What did shock us were the conclusions drawn by the editorialists. They state that the "true measure of a successful life in academic medicine... may no longer be measured in grants garnered, papers published, or salary attained but rather in the flexibility to balance" other life goals. At our institutions, the sine qua nons of a research-based academic career and promotion from the junior faculty state are grants and papers. To paraphrase Vince Lombardi, grants and papers aren't everything -- they are the only thing. While there are other career trajectories now open in the world of academic medicine, the primarily research-funded academician still needs to produce publications and acquire independent funding to continue in that role and continue to advance up the academic ladder, regardless of gender.

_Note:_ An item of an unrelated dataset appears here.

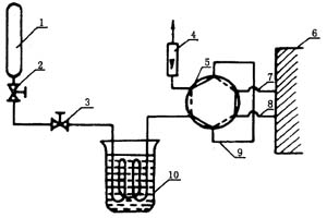 液化石油氣組成測定(氣相色譜法)的流程如圖1-6-2所示。氣相色譜儀的改裝主要對氣路進行改裝,要求是當C4組分出完后,轉動四通閥,可以反吹C5。如果使用鄰苯二甲酸二丁酯柱,在儀器靈敏度能夠達到檢出0.5%組成含量時,也可以不改裝儀器氣路。
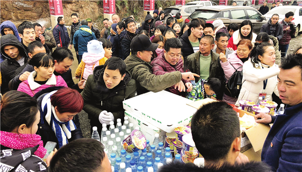 1月28日,洪江市組織工作人員在邵懷高速公路安江出口為被困乘客免費(fèi)發(fā)放餅干、方便面和飲用水等食品。由于嚴(yán)寒低溫天氣,邵懷高速洪江市路段大面積結(jié)冰,安江出口20 余輛大巴車(chē)被困。該市立即調(diào)撥救援物資,幫助被困群眾。(楊錫建 向華 攝)

We have each benefited from excellent mentors, both male and female, during our career
development grants. The advice we hear from these mentors is clear: moving from a K grant to
an independently funded research career is challenging and needs to be accomplished during
the five-year K grant timeline. This transition is one where many women researchers falter in
the academic track, either by switching to a different track or by failing to obtain funding. Not
coincidentally, this timeline overlaps with a period in which child-rearing is a distraction, albeit an enjoyable and rewarding one.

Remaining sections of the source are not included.